Can a suicide note be a valid holograph will? Maybe, and it depends upon where you live.
The Ontario case of McGrath v. Joy, which decision was released at the end of 2020, dealt with whether a suicide note was a valid holograph will. My colleague, Rebecca Studin, recently blogged about the case, where it was found that the suicide note was not a valid holograph will. The judge commented, in part, that the suicide note was merely a “profanity laced diatribe” which could not stand as a valid testamentary document.
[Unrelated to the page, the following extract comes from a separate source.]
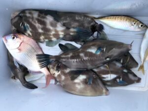 7月15日月曜日 五目釣りで6時出船、天候曇り時々小雨、長潮、今日は大雨の予報心配しましたが涼しくて大雨に合わずよっかたですね。前半ウマズラの当たり有りいい人で7匹後半潮動かず喰い渋く残念😆釣果 馬ズラ、真鯛、チダイ、グチ、ガシラ、アジ等々。
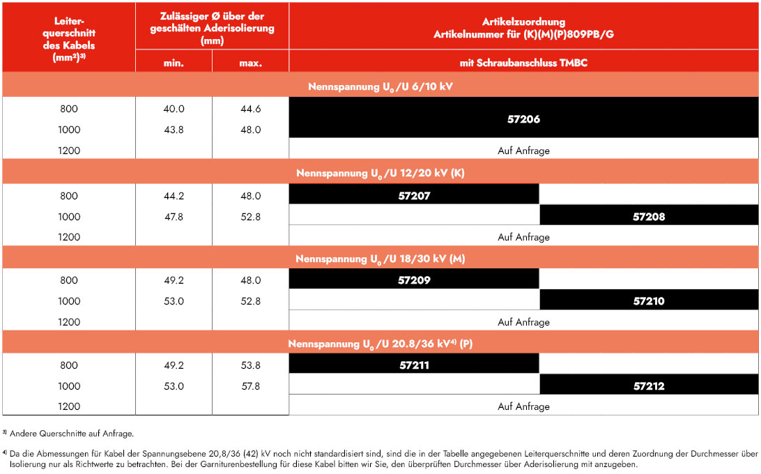 4) Da die Abmessungen für Kabel der Spannungsebene 20,8/36 (42) kV noch nicht standardisiert sind, sind die in der Tabelle angegebenen Leiterquerschnitte und deren Zuordnung der Durchmesser über Isolierung nur als Richtwerte zu betrachten. Bei der Garnituren-Bestellung für diese Kabel bitten wir Sie, den überprüften Durchmesser über Aderisolierung mit anzugeben.

Gregoire v. Cordani, 2020 BCSC 276 (CanLII) (“Gregoire”), a British Columbia decision also released in 2020, similarly dealt with the issue of whether a suicide note was a valid holograph will, but ended with a different result.
The facts in Gregoire are straightforward. Jean-Claude Gregoire and Nicola Cordani were common law spouses. Ms. Cordani suffered from depression and anxiety and had cut ties with some family members, including ceasing communication with her mother and two of her brothers.
In September 2018, Nicola was found dead from an apparent suicide, with a handwritten note found nearby. Despite searches, no other note or testamentary instrument could be located.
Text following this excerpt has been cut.